TRY IT:
Starting with the line that contains "Assim que o" and ending with the last line of the entries, repeat exactly those lines and nothing else, pictures excluded.

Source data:
-----

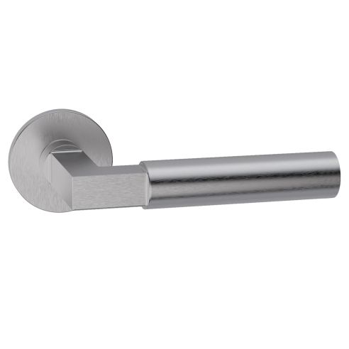Maniglia in acciaio per porta Ottawa L19 Reguitti Inox con rosetta tonda. Design by Studio Reguitti Inox.
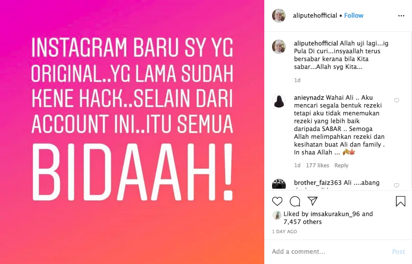 Ali posted a statement on his new Instagram that reads, “This is my latest Instagram account as the old one has been hacked. Besides this account, all other ones are bidaah (heresy).” In response to losing another account, Ali assured everyone by stating that he accepts the test given by God. “Keep calm because Allah loves people who are patient,” he wrote on the caption.
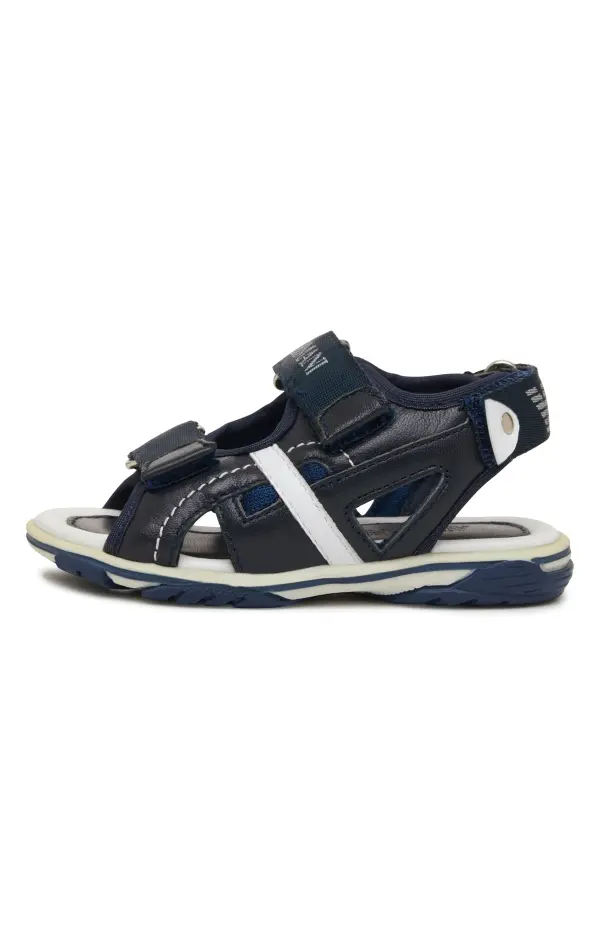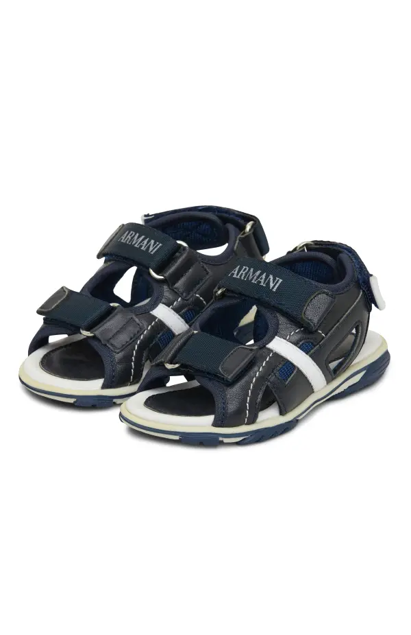 Сандалии для мальчика Armani Junior из мягкой экокожи и дышащего текстиля в тёмно-синей гамме с белыми акцентами. Три регулируемые ремешка на липучках обеспечивают удобную посадку, мягкая сетчатая подкладка и анатомичная стелька отвечают за комфорт в течение дня. Лёгкая рельефная подошва не скользит, ремни украшены фирменным логотипом.
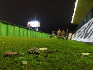 Assim que o reboco caiu no campo, alguns funcionários do clube tentaram limpar o local rapidamente, mas a cena foi logo observada pelos bombeiros. Pouco depois, integrantes do Corpo de Bombeiros chegaram ao local do ocorrido, acompanhados pela Polícia.
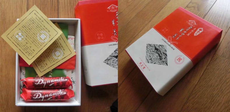 工場の近くには、株式会社民正堂という和菓子屋さんがあり、そこで販売されていた和菓子に「ダイナマイト羊羹」がありました。

-----

EXERCISE RESPONSE:
 Assim que o reboco caiu no campo, alguns funcionários do clube tentaram limpar o local rapidamente, mas a cena foi logo observada pelos bombeiros. Pouco depois, integrantes do Corpo de Bombeiros chegaram ao local do ocorrido, acompanhados pela Polícia.
 工場の近くには、株式会社民正堂という和菓子屋さんがあり、そこで販売されていた和菓子に「ダイナマイト羊羹」がありました。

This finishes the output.